§ **What you will do**
For this exercise, output the entries below exactly from the line that holds "4月2日08時(shí)至3" to the line that holds "정품 가죽 흰색 신발", both ends included. No pictures belong in the copy.

Data for processing START

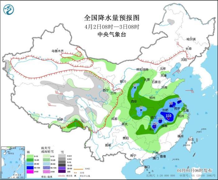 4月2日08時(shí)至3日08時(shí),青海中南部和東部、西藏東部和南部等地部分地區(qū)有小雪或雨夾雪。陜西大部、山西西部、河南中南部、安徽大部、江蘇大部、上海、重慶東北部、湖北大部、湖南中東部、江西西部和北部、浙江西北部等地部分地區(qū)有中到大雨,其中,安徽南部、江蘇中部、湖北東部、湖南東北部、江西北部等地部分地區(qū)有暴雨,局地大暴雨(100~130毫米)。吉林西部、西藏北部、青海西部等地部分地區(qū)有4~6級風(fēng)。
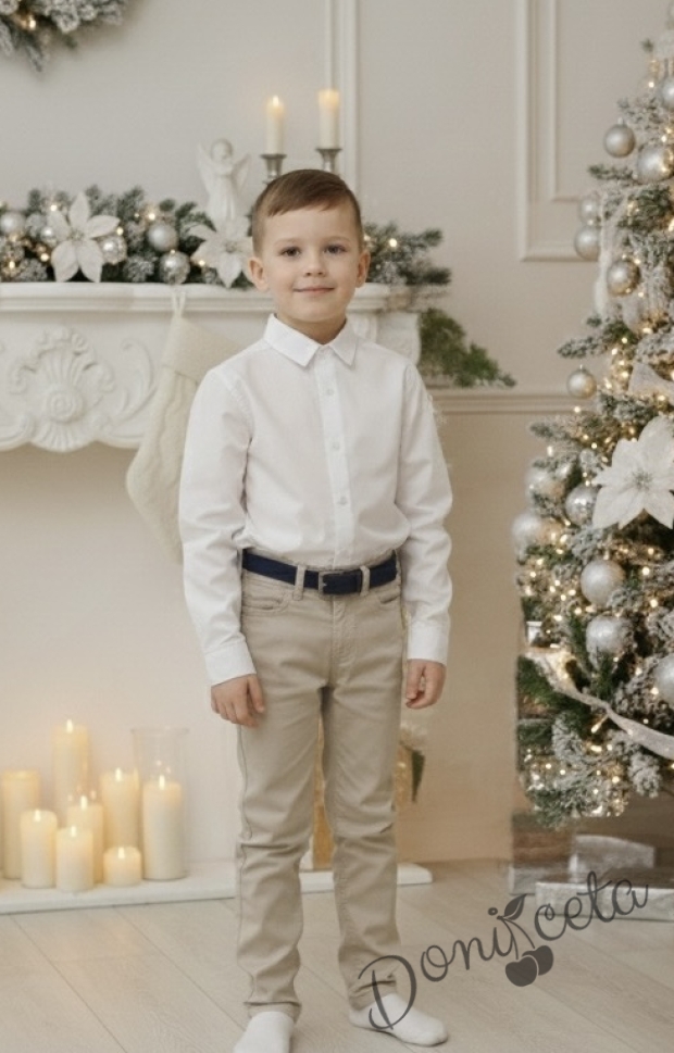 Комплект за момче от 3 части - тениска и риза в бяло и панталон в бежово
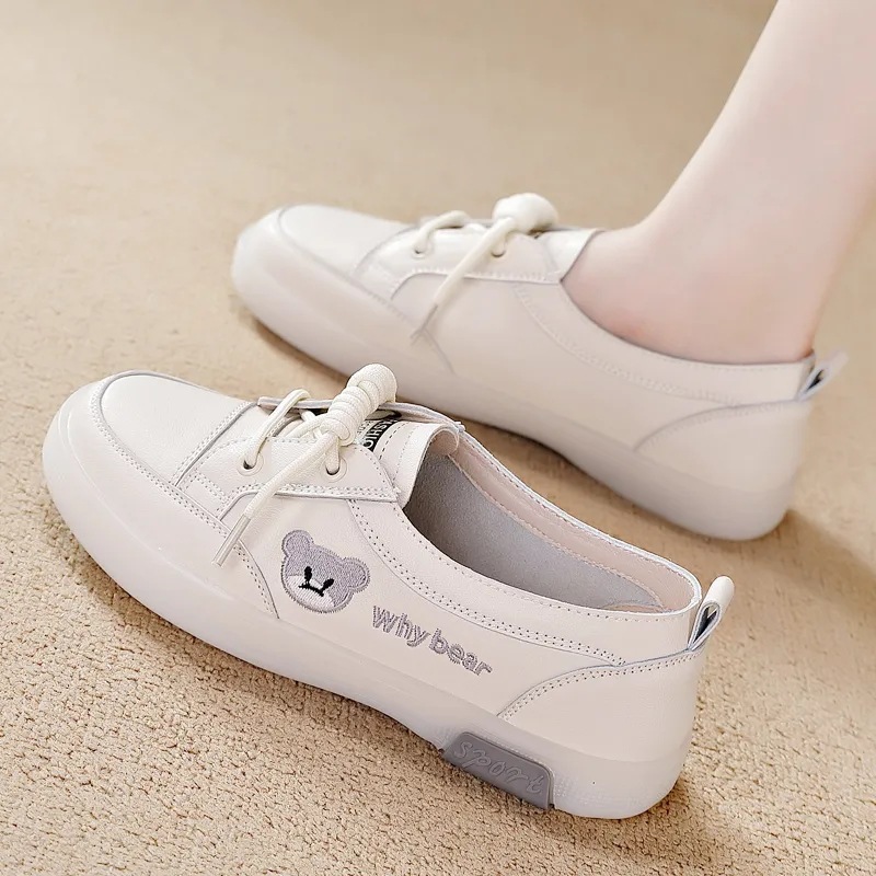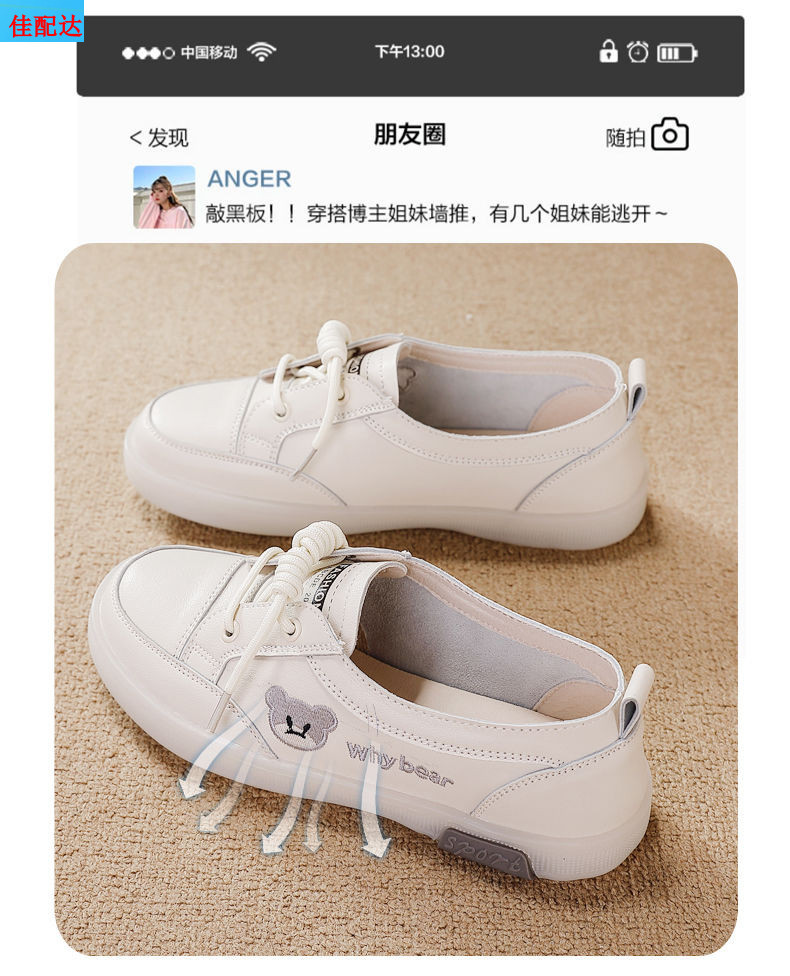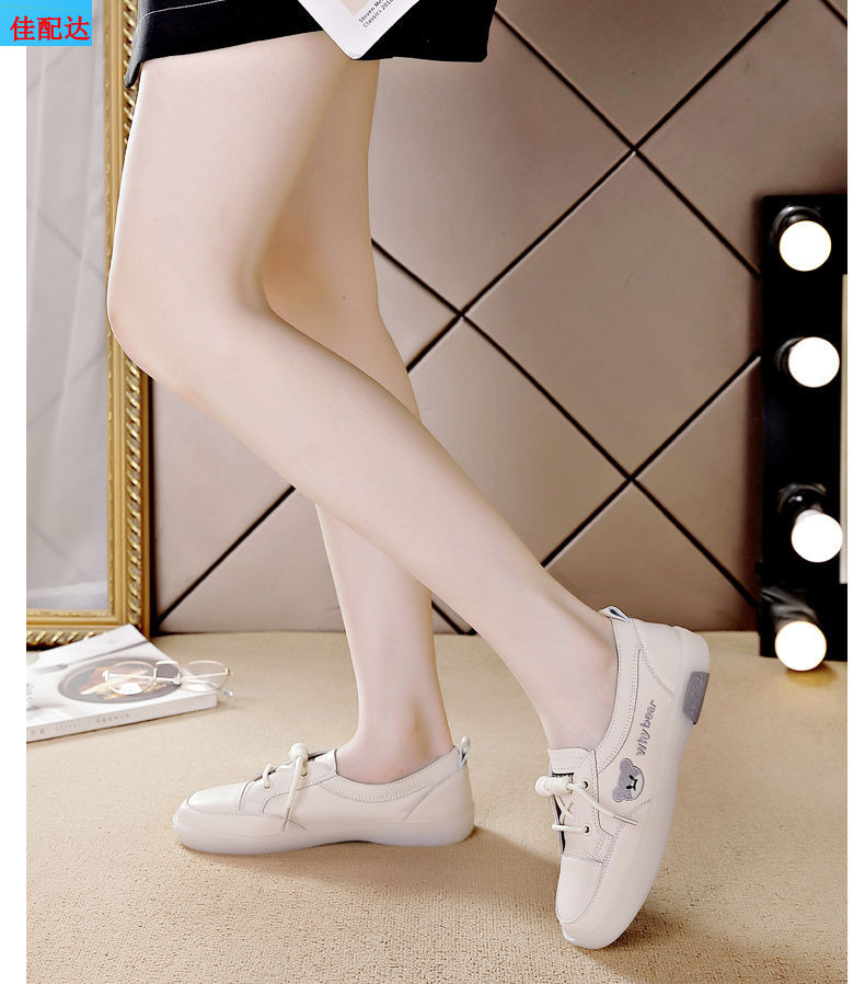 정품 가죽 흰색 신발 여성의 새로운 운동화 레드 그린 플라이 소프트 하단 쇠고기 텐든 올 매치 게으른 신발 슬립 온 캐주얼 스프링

Data for processing END
Data for processing START

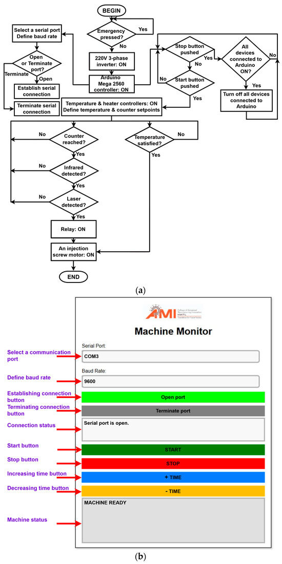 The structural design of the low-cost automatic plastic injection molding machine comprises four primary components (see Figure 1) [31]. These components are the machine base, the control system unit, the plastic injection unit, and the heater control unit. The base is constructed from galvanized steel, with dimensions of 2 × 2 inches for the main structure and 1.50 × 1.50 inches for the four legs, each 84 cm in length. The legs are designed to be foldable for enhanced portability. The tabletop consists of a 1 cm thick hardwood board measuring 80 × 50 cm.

Data for processing END

§ **The answer**
 4月2日08時(shí)至3日08時(shí),青海中南部和東部、西藏東部和南部等地部分地區(qū)有小雪或雨夾雪。陜西大部、山西西部、河南中南部、安徽大部、江蘇大部、上海、重慶東北部、湖北大部、湖南中東部、江西西部和北部、浙江西北部等地部分地區(qū)有中到大雨,其中,安徽南部、江蘇中部、湖北東部、湖南東北部、江西北部等地部分地區(qū)有暴雨,局地大暴雨(100~130毫米)。吉林西部、西藏北部、青海西部等地部分地區(qū)有4~6級風(fēng)。
 Комплект за момче от 3 части - тениска и риза в бяло и панталон в бежово
 정품 가죽 흰색 신발 여성의 새로운 운동화 레드 그린 플라이 소프트 하단 쇠고기 텐든 올 매치 게으른 신발 슬립 온 캐주얼 스프링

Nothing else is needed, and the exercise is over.